• ACTIVITY
Note the line containing "君進 森 兵等上兵步故"; from it through the last line below, give only those lines again, exactly, both ends included, skipping pictures.

• GIVEN DATA
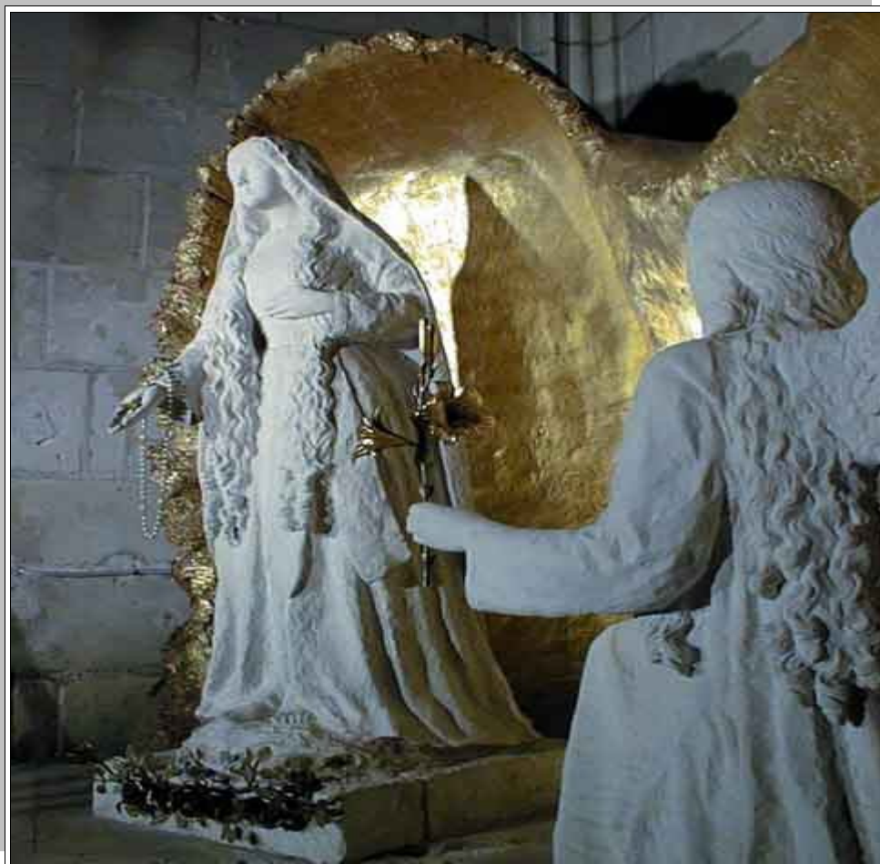
Statue de la Vierge Marie dans l'église St Gilles à l'Île Bouchard

Fraternité Sainte Perpétue 51 E , Village au Piquet Route de Saint Laurent 18100 Vierzon site : http://fraternite-sainte-perpetue.com
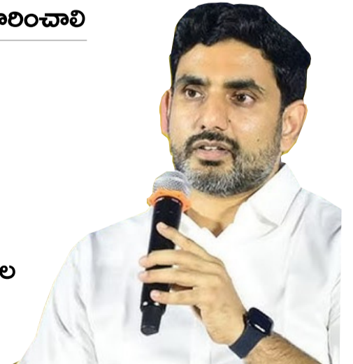
వార్త సంధ్య, అమరావతి, మే 20 : "దేశానికే ఆదర్శంగా ఆంధ్ర మోడల్ ఎడ్యుకేషన్ ఉండాలన్నది నా ధ్యేయం. అందుకు అనుగుణంగా విద్యావ్యవస్థను తీర్చిదిద్దేందుకు కృతనిశ్చయంతో ఉన్నాను. అంతర్జాతీయస్థాయి అత్యుత్తమ బోధనా పద్ధతులపై ఆధ్యయనానికి ఉపాధ్యాయులను విదేశాలకు పంపుతున్నాం. ఆత్మగౌరవం తెలుసుకున్న మంచి బోధనా పద్ధతులను రాష్ట్రంలో అమలు చేస్తాం" అని విద్య, ఐటీ, ఎలక్ట్రానిక్స్ శాఖల మంత్రి వారాహ్ లోకేశ్ పేర్కొన్నారు. అమరావతి సచివాలయంలో రాష్ట్రవ్యాప్తంగా డీఈవోలు, ఏపీసీలతో(ఆడిషనల్ ప్రాజెక్ట్ కోఆర్డినేటర్స్) మంత్రి సుదీర్ సమీక్షా సమావేశం నిర్వహించారు. ఈ సందర్భంగా ఆత్మగౌరవం తెలుసుకున్న మంచి బోధనా పద్ధతులను రాష్ట్రంలో అమలు చేస్తాం" అని విద్య, ఐటీ, ఎలక్ట్రానిక్స్ శాఖల మంత్రి వారాహ్ లోకేశ్ పేర్కొన్నారు. అమరావతి సచివాలయంలో రాష్ట్రవ్యాప్తంగా డీఈవోలు, ఏపీసీలతో(ఆడిషనల్ ప్రాజెక్ట్ కోఆర్డినేటర్స్) మంత్రి సుదీర్ సమీక్షా సమావేశం నిర్వహించారు. ఈ సందర్భంగా మంత్రి లోకేశ్ మాట్లాడుతూ, క్యాలిటీ మెరుగుపరచుకోవడంపై సప్లయ్ మెంట్ పిల్లలే అన్నారు. ప్రభుత్వ విద్యావ్యవస్థ ఓపెన్ మార్కెట్ తో పోటీపడాలన్నారు. ఇందుకోసం అందరం కలిసికట్టుగా పనిచేయాలని సూచించారు. త్రైతస్థాయిలో వాస్తవాలను - మిగతా 2 లో
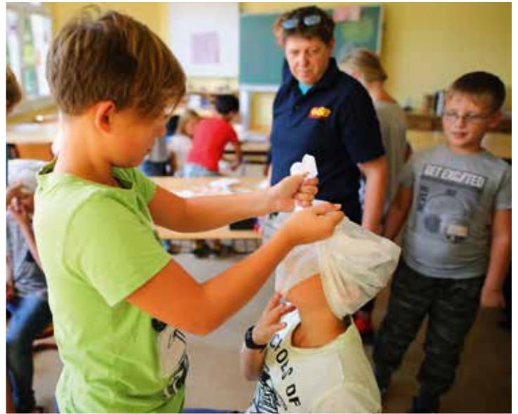
Schon Kinder lassen sich spielerisch für Erste Hilfe begeistern.

Um den Teilnehmerinnen und Teilnehmern die Krisenvorsorge möglichst realitätsnah zu vermitteln, lernen sie, Notfallvorräte selbst zu packen und einfache Wunden und Verbrennungen zu versorgen. Bei der Inszenierung einer Notsituation üben sie, einen kühlen Kopf zu bewahren und eine Überlebensstrategie zu entwickeln. Fragen wie „Was kann ich Essbares in der Natur finden?“ werden ebenso diskutiert wie: „Wie komme ich an Trinkwasser, wenn der Strom für mehrere Tage ausfällt?“
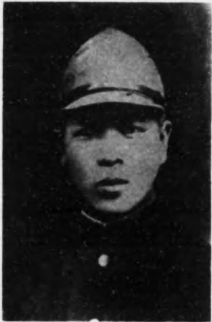
君進 森 兵等上兵步故
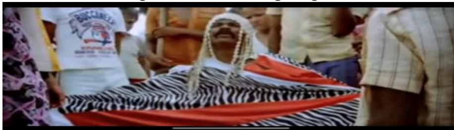
Figura 6 - Antônio Pitanga (negro)
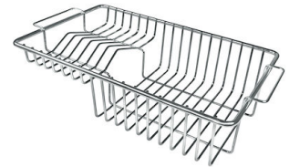
Panier à vaisselle inox 8100 201
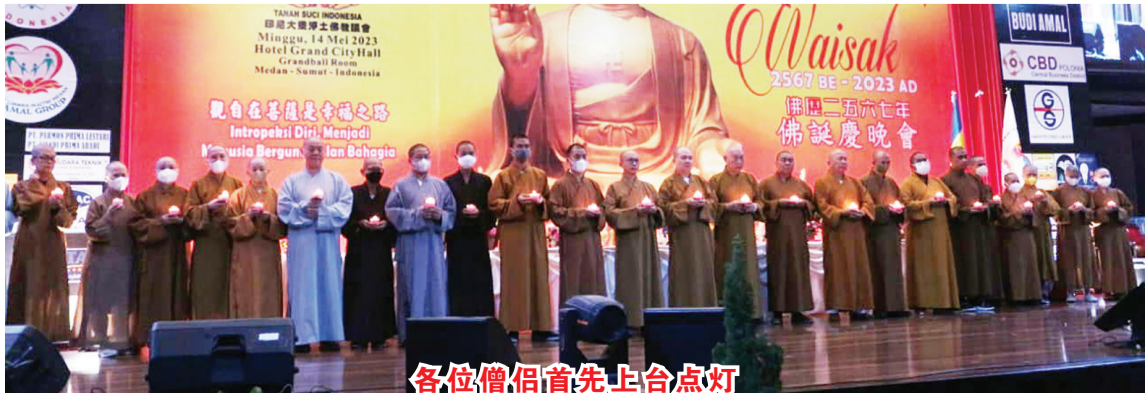
各位僧侣首先上台点灯

• PROBLEM SOLUTION
君進 森 兵等上兵步故
Figura 6 - Antônio Pitanga (negro)
Panier à vaisselle inox 8100 201
各位僧侣首先上台点灯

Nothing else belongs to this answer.